** Opening Available data block **

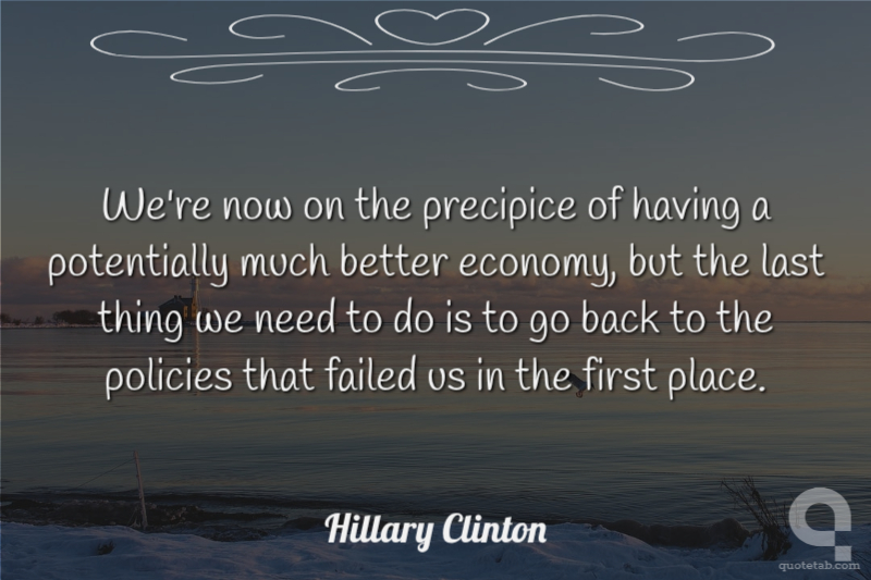 We're now on the precipice of having a potentially much better economy, but the last thing we need to do is to go back to the policies that failed us in the first place.
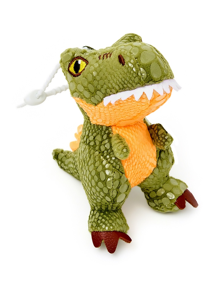 Игрушка выполнена из приятного на ощупь материала с интересной текстурой «под чешую», что делает её ещё более привлекательной для тактильного восприятия. А благодаря удобному подвесу динозаврик всегда будет рядом.
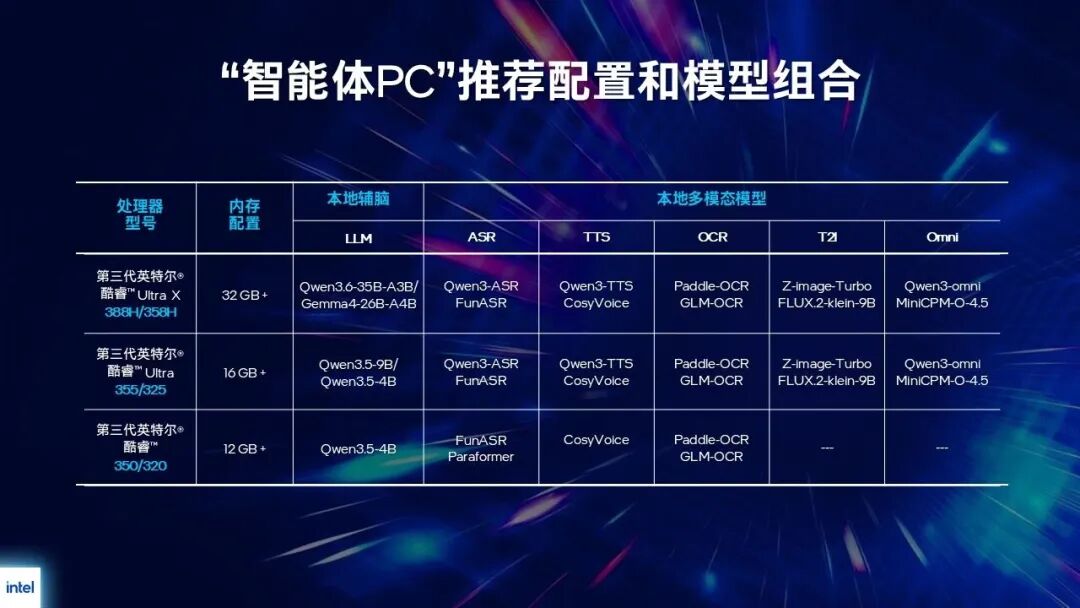 - 旗舰配置:搭载第三代酷睿Ultra X系列处理器并配备32GB以上内存,能够流畅运行Qwen3.5/3.6(35B)、Gemma4(26B)等大型语言模型及Qwen3-VL、MiniCPM-O-4.5等复杂多模态模型,并同时支持主流与入门级模型和应用。

** Closing Available data block **

- _Exercise details_: Quote the preceding listing precisely and completely, omitting its images.

- _Written solution_:
 We're now on the precipice of having a potentially much better economy, but the last thing we need to do is to go back to the policies that failed us in the first place.
 Игрушка выполнена из приятного на ощупь материала с интересной текстурой «под чешую», что делает её ещё более привлекательной для тактильного восприятия. А благодаря удобному подвесу динозаврик всегда будет рядом.
 - 旗舰配置:搭载第三代酷睿Ultra X系列处理器并配备32GB以上内存,能够流畅运行Qwen3.5/3.6(35B)、Gemma4(26B)等大型语言模型及Qwen3-VL、MiniCPM-O-4.5等复杂多模态模型,并同时支持主流与入门级模型和应用。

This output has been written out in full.